香辛料はとても強い武器だ。食品を加工する時に使うと、様々な効果があるという。だが高すぎて一般人が口にするような料理に使われることは皆無に等しい。
そういった経緯から栽培に適したところでは争いが絶えないだろう、ということは想像に難くない。
以前はアラミゴまで足を伸ばすウルダハの商人も多かった。けれど今では割に合わないと考えられているのか、滅多に来なくなってしまった。おかげで都勤めの調理職人に泣きつかれてしまい、俺を含めた密偵がこっそり香辛料を運ぶこともある。本来の仕事とは違うのだが、密輸なのだから密偵と似たようなものか。
川で釣りをしていた釣り人が話し掛けてくる。この辺りに来る者はみな顔なじみで、俺のような新顔は珍しいのだろう。しかも子供に見えるのだ。構いたくなるのかも知れない。
浅いこの川では小物の魚が掛かるようだ。が、釣り人は釣り上げても川に返してしまう。食べないのかと訊くのはまずい気がして、俺は釣り人のすることを見つめていた。すると釣り人の方が説明してくれる。生き物を殺して食べることにも色んな制約があるという。

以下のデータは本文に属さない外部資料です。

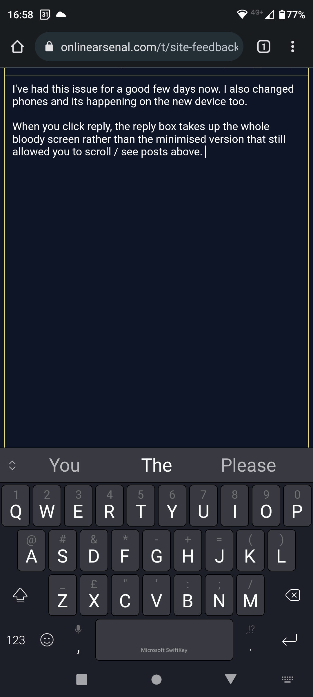 When you click reply, the reply box takes up the whole bloody screen rather than the minimised version that still allowed you to scroll / see posts above.
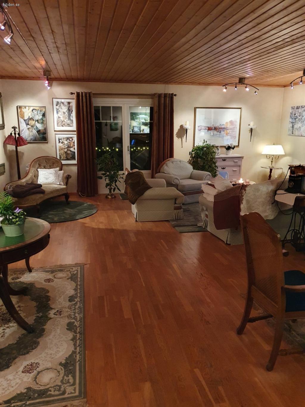 Härliga sällskapsytor. Vardagsrummet är 50 m2 med matsalsdel samt soffgrupp med TV-hörna.

……植物はいいのかよ。と言いたいところなのだが、彼らの論法だとそれは問題ないのだろう。家畜は駄目で野獣は食べるというのだから、俺には彼らのルールが判らない。だからこういう時は突っ込まず、感心しながら聞いておけば問題ない。
そんなことをしているうちに日が天頂にさしかかる。俺は釣り人に促されて集落に戻った。同じところで食事を摂るらしい釣り人と一緒に戻ると、俺が頼んだパイが焼けたところだった。俺は話を聞かせてくれたお礼に、と釣り人にパイを分けた。不思議そうな顔をされたが、釣り人は礼を言って切り分けたパイを大事そうに皿に入れてテーブルについた。
情報には対価が必要だ。という、俺の正直な感想は言わない方がいいのだろう。
グリダニアに続いてリムサ・ロミンサの説明もちょっと入れました。
海賊が暴れていた海域はリムサ・ロミンサの東とからしいのですが……それだけだと思えないので絡ませてみました。